L’estate è esplosa in tutto il suo calore, il sole splende in un cielo di zaffiro e le temperature si alzano repentinamente ricordando come la primavera mancata non ci abbia preparati all’afa estiva.

Questo il clima che accoglie le ultime due prove del Giro del Canavese, la prestigiosa gara a tappe che si svolge sotto egida Csain e che ha per obiettivo valorizzare lo sport delle due ruote nel territorio che ha dato i natali a grandi ciclisti e visto molte imprese del ciclismo professionistico, assegnando ai vincitori delle varie categorie le ambite maglie rosa.

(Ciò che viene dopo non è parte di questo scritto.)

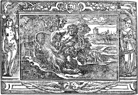 Description: Samson wrestles with a lion, killing it with his bare hands. The initials of the artist or engraver (VW) have been placed in the bottom-left. The image is flanked by Eve in the garden (left) and an allegorical figure representing the Church.
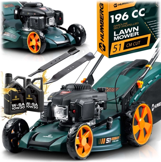 Krachtige benzinemaaier met zelfaandrijving en een maaibreedte van 51 cm die moeiteloos dicht en hoog gras aankan. De LONCIN 196 cc motor biedt stabiele prestaties en een gemakkelijke start, terwijl de centrale hoogteverstelling in 6 standen (30–80 mm) voor een precies maairesultaat zorgt. De grote opvangzak van 70 l, drie maaimodi (opvangen, zijuitworp, mulchen) en het duurzame stalen chassis maken deze maaier tot een betrouwbare hulp voor grote tuinen en oneffen terrein.
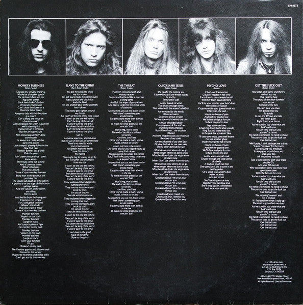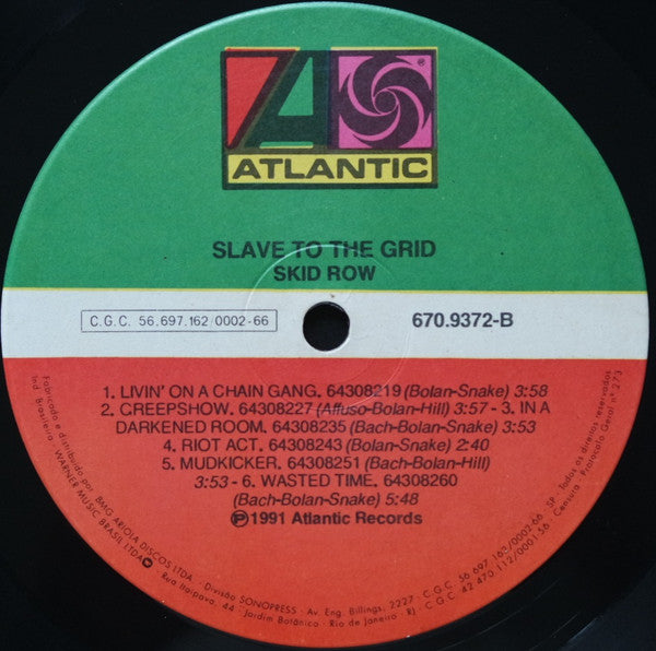 Recorded at New River Studios and Scream Studios Mixed at Scream Studios Mastered at Sterling Sound, New York Cat# 01332, spine, back cover 670.9372 spine, front cover, labels. 756782242-1, back cover Misprint on Label Side B, record title printed "Slave To The Grid" instead of "Slave to The Grind" Stamped runouts, except last "3" on B side var 2, etched.
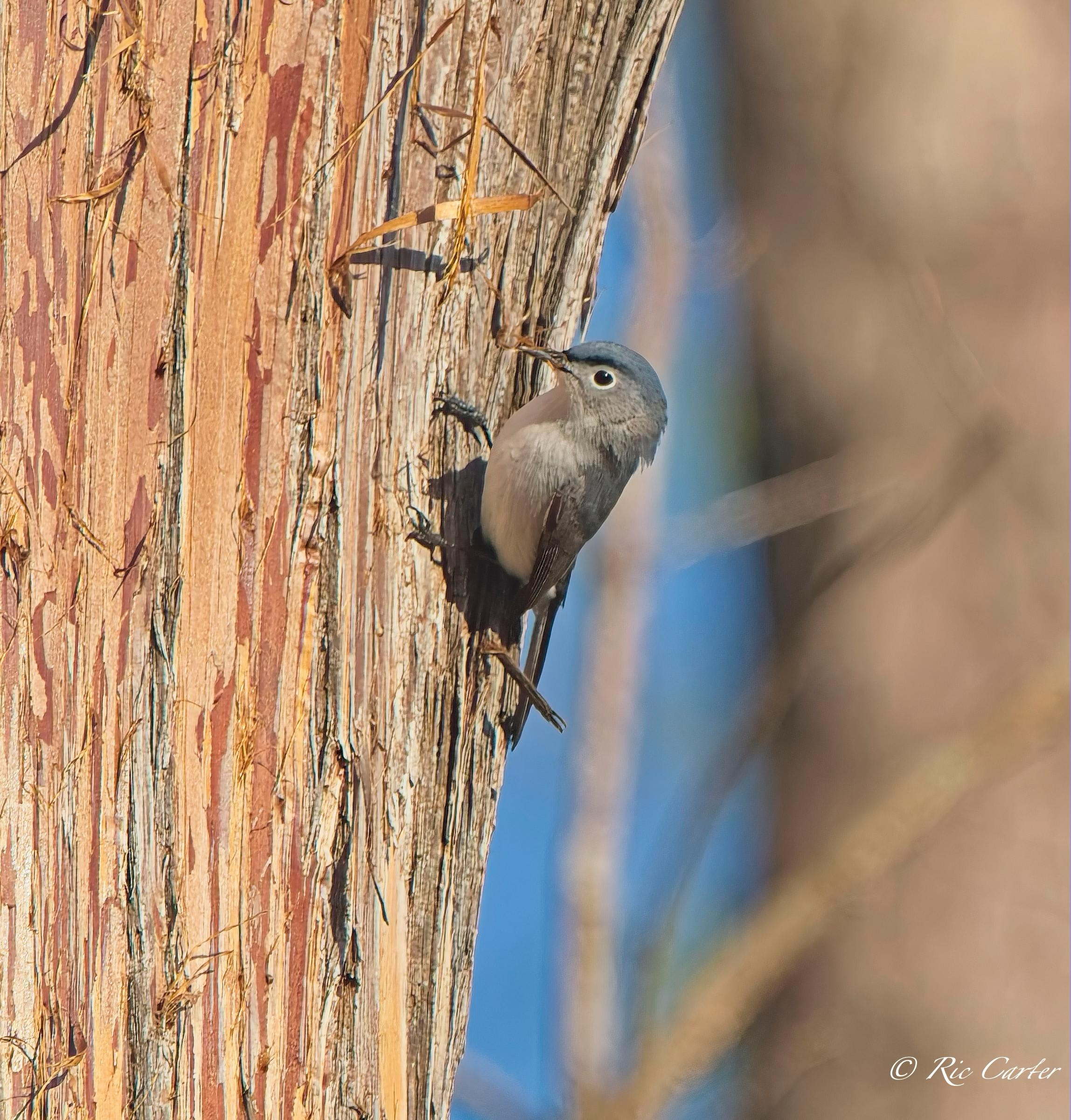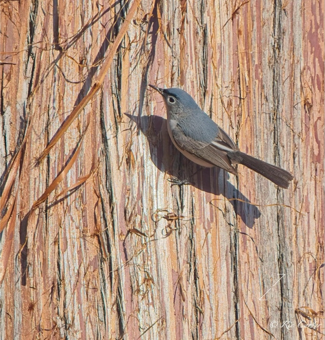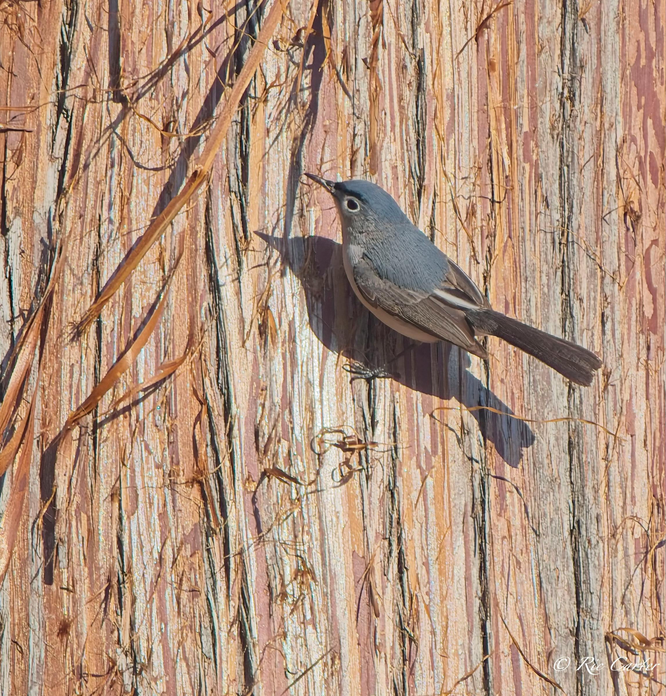 I had a lovely time one afternoon last week on the pier at the house. Looking at a nearby tree, I noticed a Blue Gray Gnatcatcher working around on the trunk. I thought at first it was bugging for lunch. After watching for a little, I realized that it was peeling bits of the stringy bark of the Cyress. Nest building season is hectic!

Le ultime due prove si svolgono partendo dal Ristorante La Rocchetta di Busano: il 23 giugno si gareggia sul classico circuito della favriasca, e come sempre sono le forze in campo a rendere dura la gara più ancora del percorso scelto. Al primo dei cinque giri in programma si avvantaggiano Carmelo Marchetta e Alessandro Raviolo, il gruppo non reagisce prontamente e per oltre metà gara sono loro a condurre i giochi. Vengono riassorbiti al terzo giro, ma sul lungo rettilineo che conduce da Front a Busano parte Massimo Bosticco, lo insegue prontamente Davide Caresio e di comune accordo riescono ad accumulare un vantaggio rassicurante. All’ultimo giro Max Stocchino e Maurizio Melis si lanciano all’inseguimento dei battistrada, ma non riusciranno a prenderli. Dal gruppo Bruno Dellerba prova a scatenare il rientro, ma quando si sposta nessuno prende il suo posto e così Davide Caresio si presenta meritatamente a braccia alzate sul traguardo davanti a Bosticco, alle loro spalle transitano il portacolori della Redil Cicli Matergia Maurizio Melis e Max Stocchino. E leggermente distaccato il gruppo con una volata compatta.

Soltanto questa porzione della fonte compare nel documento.